Share them with friends and family as a healthy and delicious appetizer or snack option.
8 large eggs
1 cup fresh spinach, chopped
1/2 cup shredded cheddar cheese (or any other low-carb cheese of your choice)
1/4 cup heavy cream
1/4 teaspoon salt
1/4 teaspoon black pepper
Cooking spray or olive oil for greasing the muffin tin
Preheat your oven to 350°F (175°C). Grease a muffin tin with cooking spray or a small amount of olive oil.
In a mixing bowl, whisk together the eggs, heavy cream, salt, and black pepper until well combined.
Divide the chopped spinach equally among the muffin cups, then sprinkle the shredded cheese over the spinach.
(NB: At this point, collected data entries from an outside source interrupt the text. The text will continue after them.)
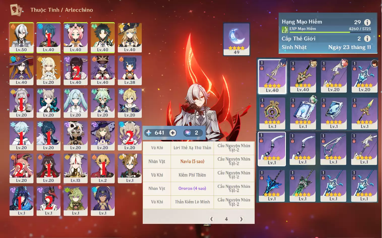 #355186 699,000đ 699,000đ AR level 29 Khu Vực asia Tướng 5* 4 VIP Ar29: Arlecchino + Navia + Xiao + Mona ( banner nhân vật 12 trang gần nổ) Tướng : 4 Vũ khí : 0 Chi tiết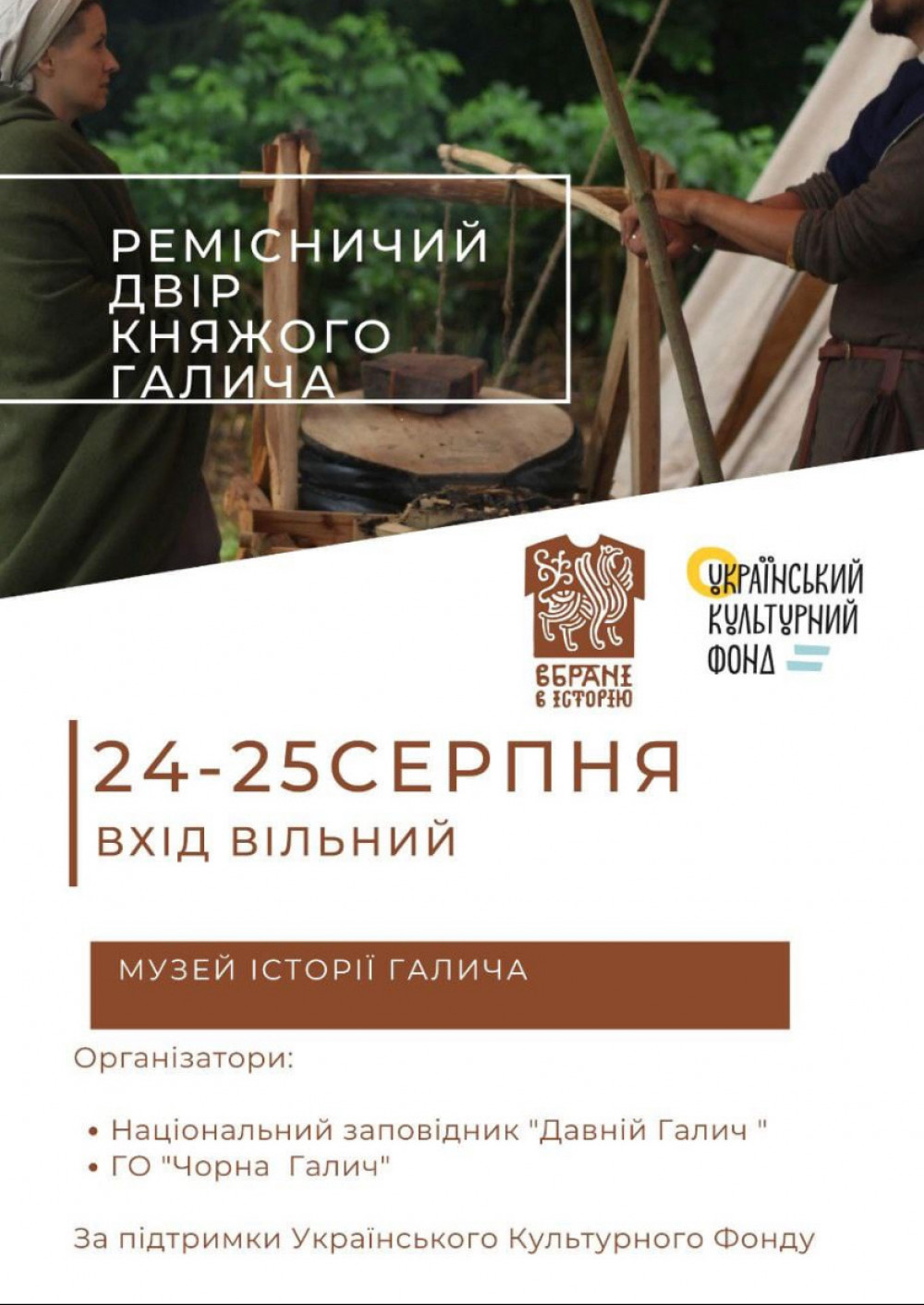 24-25 серпня відбудеться середньовічний табір «Ремісничий двір княжого Галича» в Музеї історії Національного заповідника «Давній Галич» із залученням клубу історичної реконструкції «Чорна Галич».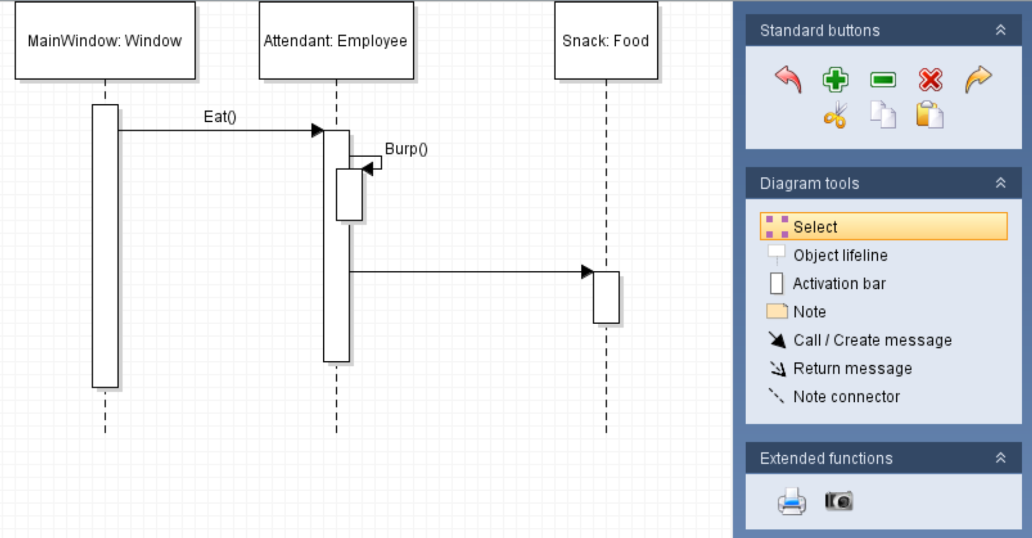 The diagram above can now be read as: "The Eat method is being called from the MainWindow on the Attendant object then the Burp method is being called from the Eat method and then the Melt method is called from the Eat method on the Snack object."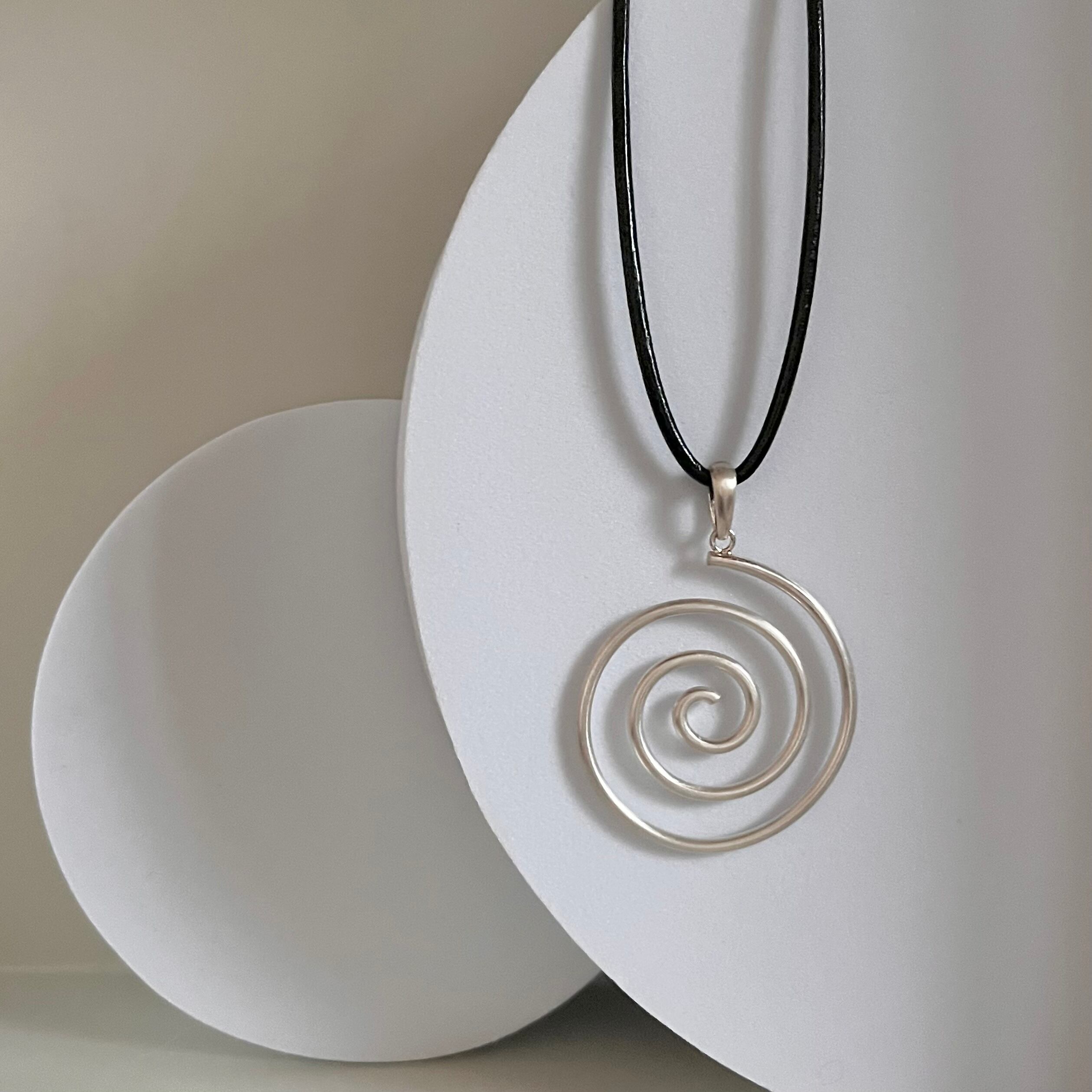 クルリネックレスは、つや消しのシルバーと革紐の組み合わせがお洒落なアイテムです。くるりと回るラインが綺麗で、どんなファッションにも合わせやすいネックレスです。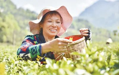 4月8日,在海拔800米的湖南桑植縣西蓮云霧茶葉基地,當(dāng)?shù)夭柁r(nóng)忙著采摘茶葉?! ⊥踉颇?張 潘攝影報(bào)道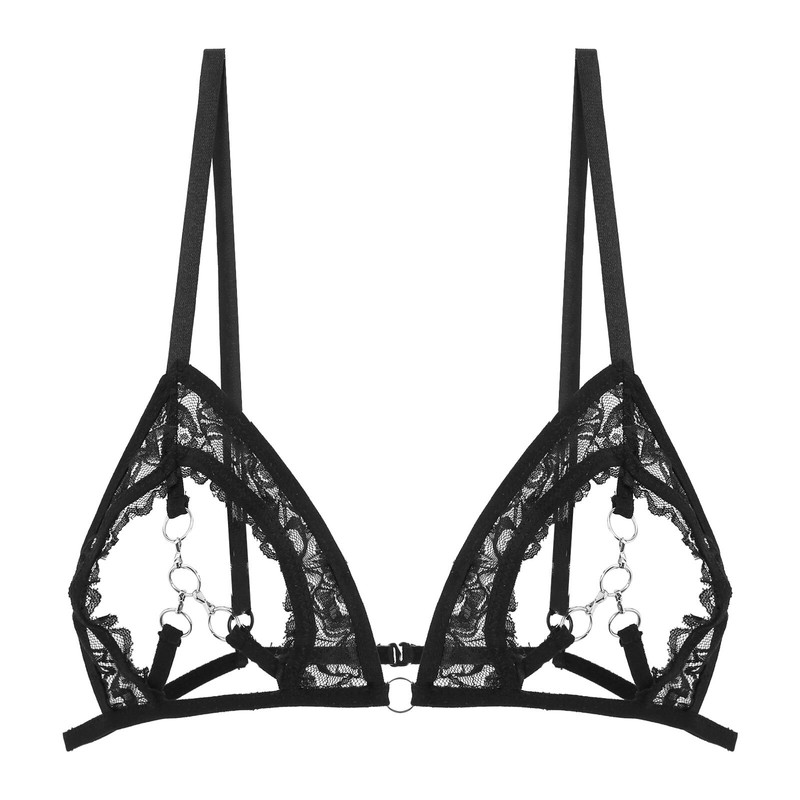 Adjustable spaghetti shoulder straps, open cups, metal rings linked at bust.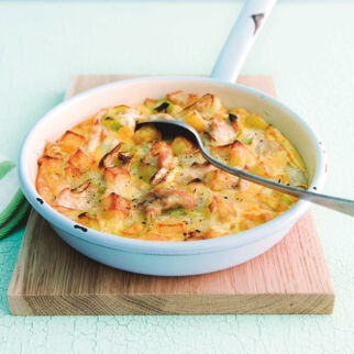 Inzwischen Zwiebel und Speck klein würfeln. Die Kartoffeln schälen und in 3-5 mm dicke Scheiben hobeln. Das Butterschmalz in einer Pfanne erhitzen. Die Kartoffeln, Zwiebel- und Speckwürfel darin ca. 8-10 Min. braten, bis die Kartoffeln leicht gebräunt sind. Mit Salz und Pfeffer würzen. Die Pfanne vom Herd nehmen.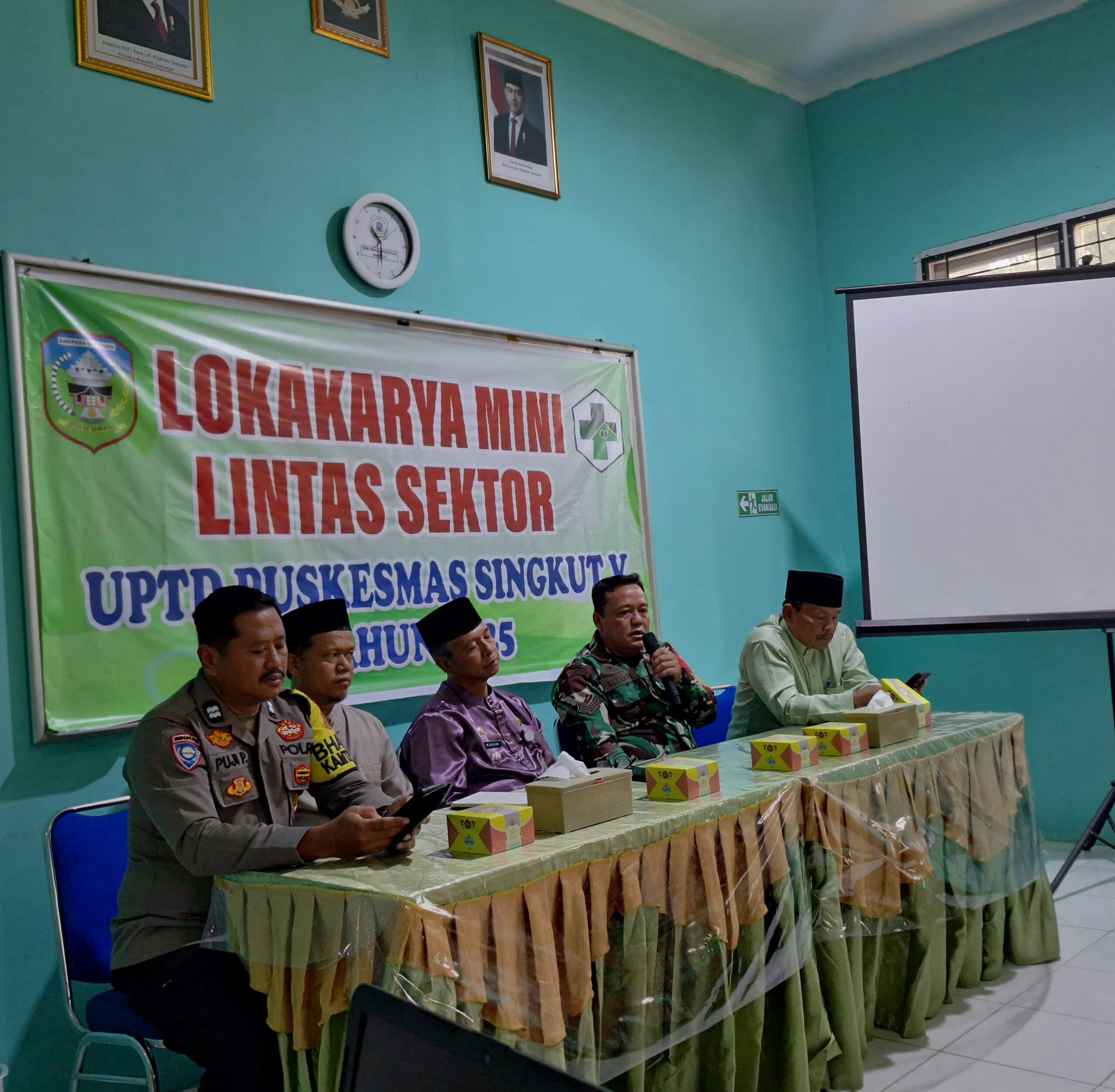 Babinsa Koramil 02/ limun Kodim 0420/Sarko Serka Sutaryo menghadiri undangan lokakarya mini di puskesmas Singkut 5 yang bertempat di Aula UPTD puskesmas , kecamatan Singkut Kabupaten Sarolangun, Kamis (27/06/2025).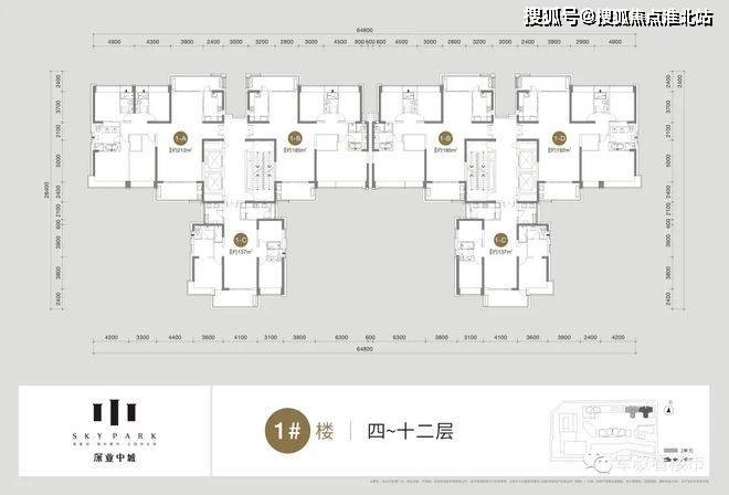 深业中城住宅合计3栋,2/3栋已售,只需看1栋的户型即可。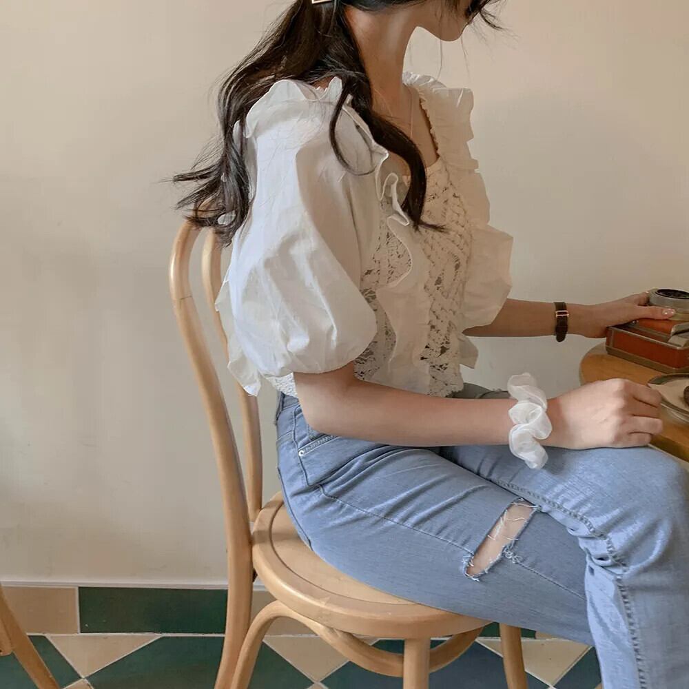 送料無料 レディース半袖ソリッドシャツ 2023 夏スクエアネックレースブラウス甘いかぎ針編みパフスリーブシャツ 27104 ショート ハーフスリーブ 大人ガーリー スウィート キュート カジュアル サマー 夏物 ソリッドカラー スクウェア AE665656624260523401 | 女性の為の通販サイト-fashion navi

Pour the egg mixture into each muffin cup, filling them about 3/4 full.
Place the muffin tin in the preheated oven and bake for about 20-25 minutes, or until the egg muffins are set and slightly golden on top.
Remove the muffin tin from the oven and let the egg muffins cool for a few minutes.
Carefully remove the muffins from the tin using a butter knife or small spatula.
Serve the egg muffins warm or let them cool completely before storing them in an airtight container in the refrigerator.